I also have to limit what I buy - and hide it. DH is the worst - he even gets into snacks I buy for the kids lunches. They always get some kind of granola bar or some rice chips in their lunches but half the time when I go to pack them, if he knows where it is, it's gone.

I'm trying (still) to train the kids to go for yoghurt, cheese, nuts and fruit - always on hand, but they ask for the carby snacks every time and have to be told their other options by the mean, mean mom.
 
First have your DBF talk to her. You have to really stay out of it,

i would also advise that you change the snacks. I would never give a 10 year old Kool Aid or Coke. If you need Coke and you can't trust her get it in bottles or cans so you can monitor how much you have.

It should be made clear to her that the Coke is NOT for her, her Dad needs to do this. There needs to be a consequence if she breaks the rule.

I know everyone likes unhealthy snacks, I would buy them in limited quantities, Portion them out ahead of time and then you can better know how much she is eating.

As others suggested start phasing in more healthy snacks. If you are home maybe you could spend time with the kids making a snack like a more healthy cookie, hot out of the oven. Yummy and it gets them involved and give you bonding time.

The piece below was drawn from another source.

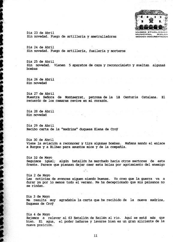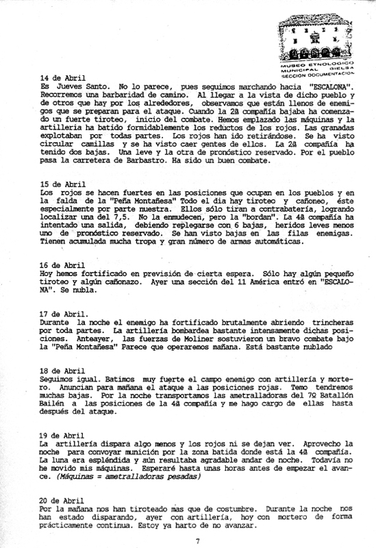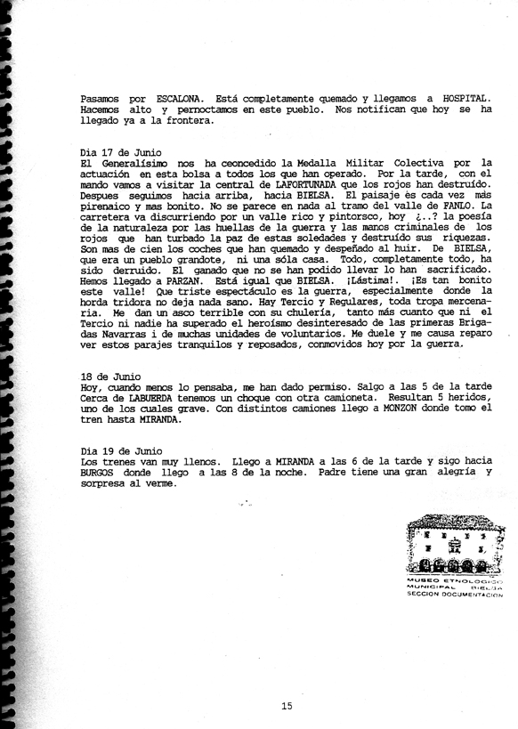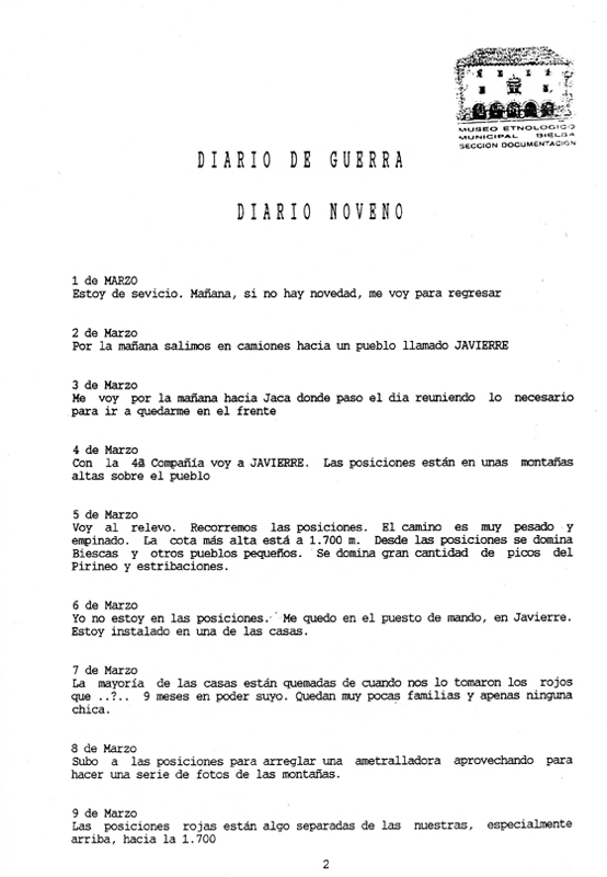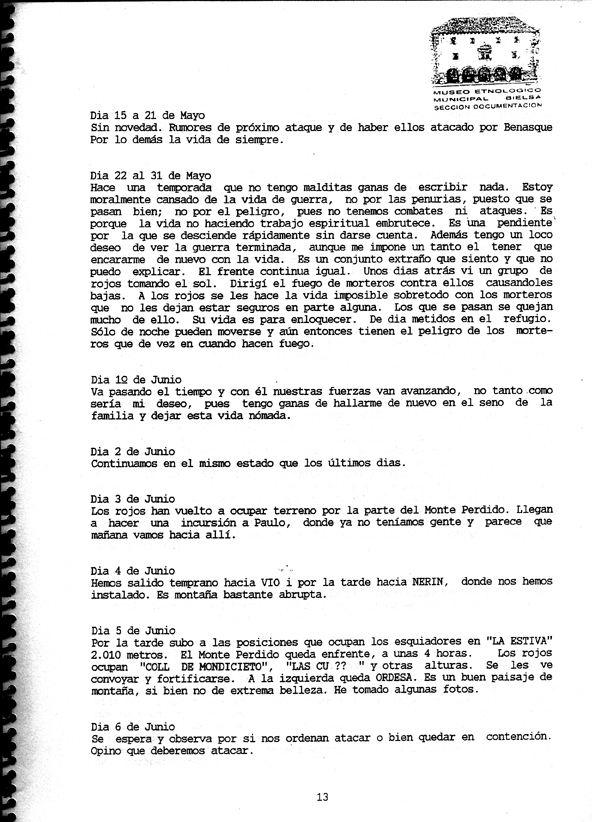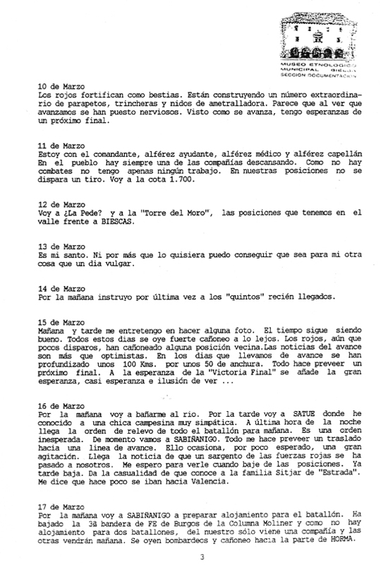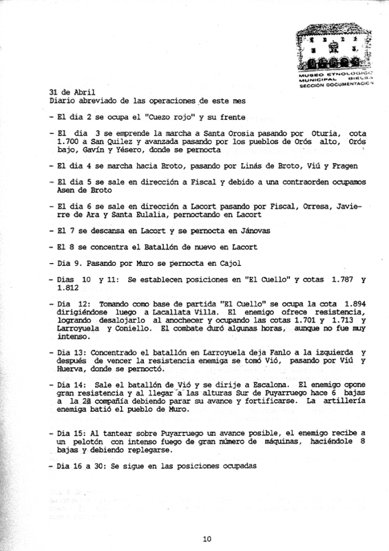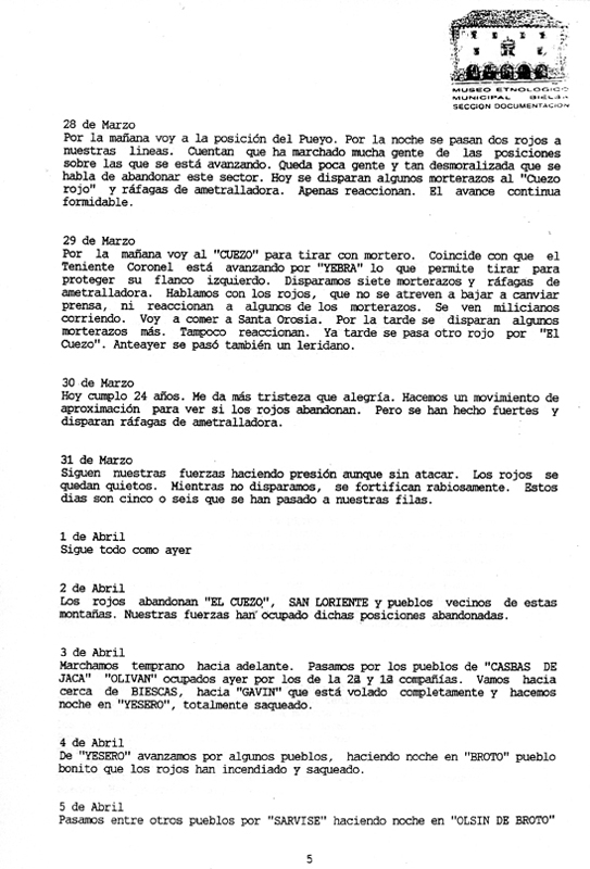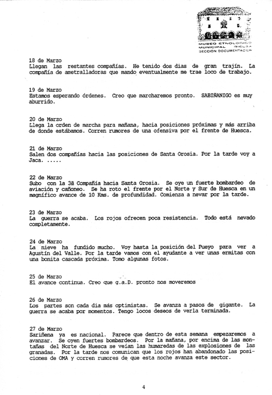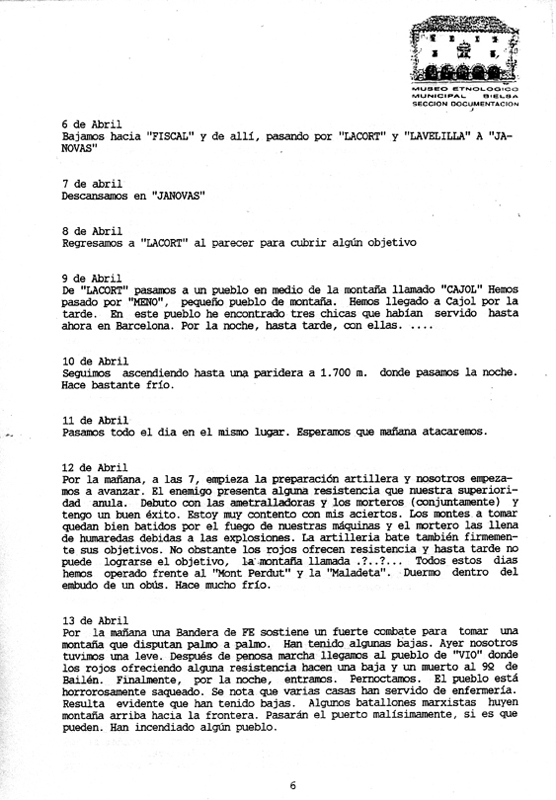 | Contenido: Notas tomadas por el Alférez durante su estancia en tierras altoaragonesas. En este diario se hace referencia a las diferentes operaciones del batallón al que estaba designado con numerosos comentarios sobre el devenir de la contienda bélica. |

All reprimands need to come from her Dad.

Good luck!
 
While I am out of work, I have become a stay at home mom. My girls seem like they want to eat from the minute they walk in the door until bedtime. I am okay with some unhealthy snacks, like soda, chips, cookies, etc. but I make them ask before they get something. My girls are used to it so they are pretty good at doing so. My boyfriend's daughter not so much. She's used to being home solo (his parents live upstairs) so she just ate whenever, whatever til he got home. If I make a gallon of kool-aid, she will drink it glass after glass. I am constantly having to "remind" her to ask me when the other girls come ask for what she is eating. Of course, she is eating the unhealthy snacks constantly. Its driving me crazy. I just bought a coke because I get migraines and the caffeine helps them. She just walked by drinking a glass. I made her pour it out. Rules are rules. If she has it, the girls want it. I have said something to her dad and he said he will talk to her. But it keeps happening. Any ideas? Aside from eating a bunch of junk, i think her eating needs to be monitored because diabetes runs in my boyfriends family...he has it as well.

Btw, she just turned 10

This is not your child so that makes the situation very hard to navigate.

You can put the snacks under lock and key. I think that is probably the way to go. That way she will have to ask and it will teach her to ask.

Keep the healthy snacks available for the kids to get whenever they want.